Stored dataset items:
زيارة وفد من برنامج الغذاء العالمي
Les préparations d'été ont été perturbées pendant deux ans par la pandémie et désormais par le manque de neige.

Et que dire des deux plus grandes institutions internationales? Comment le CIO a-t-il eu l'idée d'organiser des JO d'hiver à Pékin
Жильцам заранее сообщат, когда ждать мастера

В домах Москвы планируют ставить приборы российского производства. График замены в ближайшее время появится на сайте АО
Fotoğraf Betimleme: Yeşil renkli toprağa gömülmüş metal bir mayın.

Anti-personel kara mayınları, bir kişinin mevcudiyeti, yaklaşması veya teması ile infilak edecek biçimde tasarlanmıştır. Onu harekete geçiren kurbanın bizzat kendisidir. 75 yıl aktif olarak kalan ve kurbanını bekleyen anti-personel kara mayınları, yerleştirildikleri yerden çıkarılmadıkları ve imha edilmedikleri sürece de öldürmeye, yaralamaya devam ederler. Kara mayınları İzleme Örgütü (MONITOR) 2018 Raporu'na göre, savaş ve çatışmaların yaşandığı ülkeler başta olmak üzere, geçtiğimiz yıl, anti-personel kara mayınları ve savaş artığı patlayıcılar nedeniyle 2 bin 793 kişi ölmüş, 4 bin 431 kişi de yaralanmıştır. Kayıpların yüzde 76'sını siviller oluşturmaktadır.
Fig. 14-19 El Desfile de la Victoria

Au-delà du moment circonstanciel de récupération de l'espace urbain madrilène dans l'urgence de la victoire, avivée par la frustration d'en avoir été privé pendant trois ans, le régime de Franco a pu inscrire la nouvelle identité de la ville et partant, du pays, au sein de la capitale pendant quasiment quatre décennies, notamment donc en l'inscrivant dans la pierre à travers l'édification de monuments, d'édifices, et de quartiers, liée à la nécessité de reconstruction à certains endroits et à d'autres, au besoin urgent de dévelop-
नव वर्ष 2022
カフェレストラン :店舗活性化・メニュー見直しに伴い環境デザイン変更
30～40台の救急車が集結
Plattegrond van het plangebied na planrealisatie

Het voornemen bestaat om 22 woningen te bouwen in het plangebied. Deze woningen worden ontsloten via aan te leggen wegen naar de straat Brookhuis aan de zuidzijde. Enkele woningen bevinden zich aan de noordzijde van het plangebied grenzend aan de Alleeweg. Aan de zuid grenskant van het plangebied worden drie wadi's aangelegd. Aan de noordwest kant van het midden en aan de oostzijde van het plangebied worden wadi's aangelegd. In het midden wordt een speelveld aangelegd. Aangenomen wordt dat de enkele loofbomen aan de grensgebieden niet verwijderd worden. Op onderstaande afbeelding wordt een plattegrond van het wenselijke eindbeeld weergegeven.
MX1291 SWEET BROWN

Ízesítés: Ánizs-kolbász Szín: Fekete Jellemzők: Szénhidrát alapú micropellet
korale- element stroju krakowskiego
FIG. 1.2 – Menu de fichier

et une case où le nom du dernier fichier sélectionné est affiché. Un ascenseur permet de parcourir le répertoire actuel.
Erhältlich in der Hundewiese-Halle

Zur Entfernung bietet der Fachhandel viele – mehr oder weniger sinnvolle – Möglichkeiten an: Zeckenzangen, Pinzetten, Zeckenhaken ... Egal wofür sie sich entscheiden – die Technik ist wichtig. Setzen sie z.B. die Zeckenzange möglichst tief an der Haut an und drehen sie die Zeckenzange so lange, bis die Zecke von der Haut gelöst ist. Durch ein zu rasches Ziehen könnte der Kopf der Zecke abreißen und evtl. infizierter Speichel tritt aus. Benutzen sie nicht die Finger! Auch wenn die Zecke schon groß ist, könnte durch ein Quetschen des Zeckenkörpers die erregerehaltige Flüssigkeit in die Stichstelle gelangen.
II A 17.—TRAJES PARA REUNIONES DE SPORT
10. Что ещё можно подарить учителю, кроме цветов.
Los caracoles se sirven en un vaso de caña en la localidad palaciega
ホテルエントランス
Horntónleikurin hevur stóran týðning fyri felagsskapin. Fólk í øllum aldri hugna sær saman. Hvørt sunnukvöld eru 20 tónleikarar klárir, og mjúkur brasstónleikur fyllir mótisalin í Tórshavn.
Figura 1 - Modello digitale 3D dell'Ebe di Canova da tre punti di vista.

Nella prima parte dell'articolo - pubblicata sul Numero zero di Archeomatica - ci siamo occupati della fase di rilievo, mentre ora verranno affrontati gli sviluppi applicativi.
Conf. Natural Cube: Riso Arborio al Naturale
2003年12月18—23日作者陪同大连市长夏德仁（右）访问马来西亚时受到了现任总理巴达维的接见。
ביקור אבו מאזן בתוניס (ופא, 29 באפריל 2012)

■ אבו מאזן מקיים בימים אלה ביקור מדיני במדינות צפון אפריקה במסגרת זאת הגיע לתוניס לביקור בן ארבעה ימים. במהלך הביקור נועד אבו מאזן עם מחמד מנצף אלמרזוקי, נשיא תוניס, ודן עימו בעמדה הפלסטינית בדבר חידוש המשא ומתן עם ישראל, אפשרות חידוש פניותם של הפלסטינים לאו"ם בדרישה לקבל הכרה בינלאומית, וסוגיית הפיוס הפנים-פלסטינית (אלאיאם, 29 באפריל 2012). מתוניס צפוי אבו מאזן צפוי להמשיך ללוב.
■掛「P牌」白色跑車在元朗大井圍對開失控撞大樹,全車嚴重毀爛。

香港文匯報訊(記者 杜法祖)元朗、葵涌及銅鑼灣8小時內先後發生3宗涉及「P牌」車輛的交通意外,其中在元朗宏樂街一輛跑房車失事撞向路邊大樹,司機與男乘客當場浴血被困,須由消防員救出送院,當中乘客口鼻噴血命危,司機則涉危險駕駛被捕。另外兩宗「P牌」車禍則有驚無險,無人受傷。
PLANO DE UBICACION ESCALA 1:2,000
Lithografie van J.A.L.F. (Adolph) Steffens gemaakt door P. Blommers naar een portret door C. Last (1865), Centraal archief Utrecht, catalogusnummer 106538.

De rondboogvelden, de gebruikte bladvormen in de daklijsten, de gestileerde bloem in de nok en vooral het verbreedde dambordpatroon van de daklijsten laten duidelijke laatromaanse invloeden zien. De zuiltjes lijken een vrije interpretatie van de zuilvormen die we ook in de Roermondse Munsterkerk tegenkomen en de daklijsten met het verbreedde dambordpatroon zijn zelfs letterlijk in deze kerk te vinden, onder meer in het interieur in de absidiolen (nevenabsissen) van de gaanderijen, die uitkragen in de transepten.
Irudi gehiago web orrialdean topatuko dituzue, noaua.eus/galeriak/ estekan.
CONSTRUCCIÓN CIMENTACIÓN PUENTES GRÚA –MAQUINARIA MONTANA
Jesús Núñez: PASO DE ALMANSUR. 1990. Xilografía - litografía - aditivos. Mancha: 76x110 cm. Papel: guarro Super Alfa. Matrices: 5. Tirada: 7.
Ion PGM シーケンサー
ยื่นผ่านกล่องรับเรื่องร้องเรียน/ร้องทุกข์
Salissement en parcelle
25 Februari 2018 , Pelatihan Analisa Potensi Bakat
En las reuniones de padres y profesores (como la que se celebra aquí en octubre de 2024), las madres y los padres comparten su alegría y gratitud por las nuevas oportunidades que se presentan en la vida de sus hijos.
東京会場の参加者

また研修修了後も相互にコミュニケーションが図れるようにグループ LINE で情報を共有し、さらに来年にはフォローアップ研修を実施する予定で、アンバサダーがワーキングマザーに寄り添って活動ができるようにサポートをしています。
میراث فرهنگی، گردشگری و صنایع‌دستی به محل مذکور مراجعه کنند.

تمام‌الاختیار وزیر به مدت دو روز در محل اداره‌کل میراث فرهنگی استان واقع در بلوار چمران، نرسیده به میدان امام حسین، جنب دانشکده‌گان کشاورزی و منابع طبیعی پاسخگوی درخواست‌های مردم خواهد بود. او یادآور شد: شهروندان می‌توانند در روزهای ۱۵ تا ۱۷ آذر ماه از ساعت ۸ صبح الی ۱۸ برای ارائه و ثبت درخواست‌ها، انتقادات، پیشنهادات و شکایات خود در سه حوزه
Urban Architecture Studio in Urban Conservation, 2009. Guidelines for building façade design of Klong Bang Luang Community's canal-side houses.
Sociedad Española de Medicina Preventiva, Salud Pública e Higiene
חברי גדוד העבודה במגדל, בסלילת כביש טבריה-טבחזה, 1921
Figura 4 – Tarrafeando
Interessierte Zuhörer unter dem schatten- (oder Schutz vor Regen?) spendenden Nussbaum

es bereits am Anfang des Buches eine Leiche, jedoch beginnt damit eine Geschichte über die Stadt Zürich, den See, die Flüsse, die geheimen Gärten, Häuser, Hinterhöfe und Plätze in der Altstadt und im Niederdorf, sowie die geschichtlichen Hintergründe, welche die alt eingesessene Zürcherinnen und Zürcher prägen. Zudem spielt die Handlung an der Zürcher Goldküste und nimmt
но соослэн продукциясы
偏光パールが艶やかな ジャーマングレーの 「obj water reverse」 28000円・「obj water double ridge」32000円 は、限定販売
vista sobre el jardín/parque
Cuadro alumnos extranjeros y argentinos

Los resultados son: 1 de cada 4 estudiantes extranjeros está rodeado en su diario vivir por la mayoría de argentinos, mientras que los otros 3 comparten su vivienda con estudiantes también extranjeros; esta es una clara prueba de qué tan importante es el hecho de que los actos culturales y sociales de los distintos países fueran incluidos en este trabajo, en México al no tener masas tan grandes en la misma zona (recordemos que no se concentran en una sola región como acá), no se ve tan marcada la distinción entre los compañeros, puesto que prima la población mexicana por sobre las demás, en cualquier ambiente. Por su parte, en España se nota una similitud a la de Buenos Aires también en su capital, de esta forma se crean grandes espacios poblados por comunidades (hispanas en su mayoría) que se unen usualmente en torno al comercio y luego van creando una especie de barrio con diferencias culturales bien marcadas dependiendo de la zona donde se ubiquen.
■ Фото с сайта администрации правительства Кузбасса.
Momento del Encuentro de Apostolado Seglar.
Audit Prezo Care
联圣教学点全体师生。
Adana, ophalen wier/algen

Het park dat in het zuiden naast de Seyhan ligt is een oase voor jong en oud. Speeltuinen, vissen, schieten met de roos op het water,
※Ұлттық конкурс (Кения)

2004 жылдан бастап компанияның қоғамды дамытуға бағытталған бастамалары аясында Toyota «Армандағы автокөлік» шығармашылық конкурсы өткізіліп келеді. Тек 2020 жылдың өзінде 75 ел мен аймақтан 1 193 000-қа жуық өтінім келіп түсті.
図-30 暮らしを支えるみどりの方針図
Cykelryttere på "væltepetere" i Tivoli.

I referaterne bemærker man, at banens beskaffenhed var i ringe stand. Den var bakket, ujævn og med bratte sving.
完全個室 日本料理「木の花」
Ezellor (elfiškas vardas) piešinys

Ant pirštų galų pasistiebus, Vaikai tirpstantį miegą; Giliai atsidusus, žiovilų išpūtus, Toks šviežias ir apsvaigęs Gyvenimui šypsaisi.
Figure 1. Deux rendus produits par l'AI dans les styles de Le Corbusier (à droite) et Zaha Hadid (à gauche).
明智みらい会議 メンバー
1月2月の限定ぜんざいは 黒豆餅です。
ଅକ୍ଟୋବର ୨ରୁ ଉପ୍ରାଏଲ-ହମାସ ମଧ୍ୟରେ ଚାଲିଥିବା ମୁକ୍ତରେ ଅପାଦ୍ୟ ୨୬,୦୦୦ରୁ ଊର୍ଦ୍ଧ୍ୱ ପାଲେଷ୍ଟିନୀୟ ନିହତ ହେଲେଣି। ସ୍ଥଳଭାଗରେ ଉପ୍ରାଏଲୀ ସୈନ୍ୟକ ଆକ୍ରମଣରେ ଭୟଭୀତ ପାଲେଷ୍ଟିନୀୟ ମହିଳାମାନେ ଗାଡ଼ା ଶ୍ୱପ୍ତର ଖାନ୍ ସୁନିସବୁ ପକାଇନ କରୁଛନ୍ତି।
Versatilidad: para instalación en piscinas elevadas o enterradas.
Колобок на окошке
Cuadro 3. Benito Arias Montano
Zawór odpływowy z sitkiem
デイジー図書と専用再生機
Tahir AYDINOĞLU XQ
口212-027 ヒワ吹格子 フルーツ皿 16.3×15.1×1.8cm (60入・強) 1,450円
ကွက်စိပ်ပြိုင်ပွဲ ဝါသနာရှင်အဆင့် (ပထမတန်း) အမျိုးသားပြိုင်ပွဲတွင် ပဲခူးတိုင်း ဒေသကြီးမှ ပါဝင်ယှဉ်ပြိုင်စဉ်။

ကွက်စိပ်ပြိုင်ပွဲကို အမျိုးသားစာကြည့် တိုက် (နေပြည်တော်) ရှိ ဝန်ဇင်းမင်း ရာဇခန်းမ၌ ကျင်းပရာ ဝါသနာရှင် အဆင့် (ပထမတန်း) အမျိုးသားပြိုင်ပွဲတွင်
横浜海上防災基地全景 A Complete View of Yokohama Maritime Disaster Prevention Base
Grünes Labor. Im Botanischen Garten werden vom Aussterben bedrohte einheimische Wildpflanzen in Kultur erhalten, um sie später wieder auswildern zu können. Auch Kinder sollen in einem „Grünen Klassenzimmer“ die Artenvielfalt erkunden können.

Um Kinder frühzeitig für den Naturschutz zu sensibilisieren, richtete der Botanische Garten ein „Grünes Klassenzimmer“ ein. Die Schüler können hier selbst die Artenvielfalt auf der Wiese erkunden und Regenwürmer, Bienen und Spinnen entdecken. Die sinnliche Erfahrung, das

__EXERCISE DETAILS__. Restate word for word the entries above, starting at the line with "ကွက်စိပ်ပြိုင်ပွဲ ဝါသနာရှင်အဆင့် (ပထမတန်း)" and ending at the line with "Grünes Labor. Im", inclusive, and no others.

__RESPONSE BOX__.
ကွက်စိပ်ပြိုင်ပွဲ ဝါသနာရှင်အဆင့် (ပထမတန်း) အမျိုးသားပြိုင်ပွဲတွင် ပဲခူးတိုင်း ဒေသကြီးမှ ပါဝင်ယှဉ်ပြိုင်စဉ်။

ကွက်စိပ်ပြိုင်ပွဲကို အမျိုးသားစာကြည့် တိုက် (နေပြည်တော်) ရှိ ဝန်ဇင်းမင်း ရာဇခန်းမ၌ ကျင်းပရာ ဝါသနာရှင် အဆင့် (ပထမတန်း) အမျိုးသားပြိုင်ပွဲတွင်
横浜海上防災基地全景 A Complete View of Yokohama Maritime Disaster Prevention Base
Grünes Labor. Im Botanischen Garten werden vom Aussterben bedrohte einheimische Wildpflanzen in Kultur erhalten, um sie später wieder auswildern zu können. Auch Kinder sollen in einem „Grünen Klassenzimmer“ die Artenvielfalt erkunden können.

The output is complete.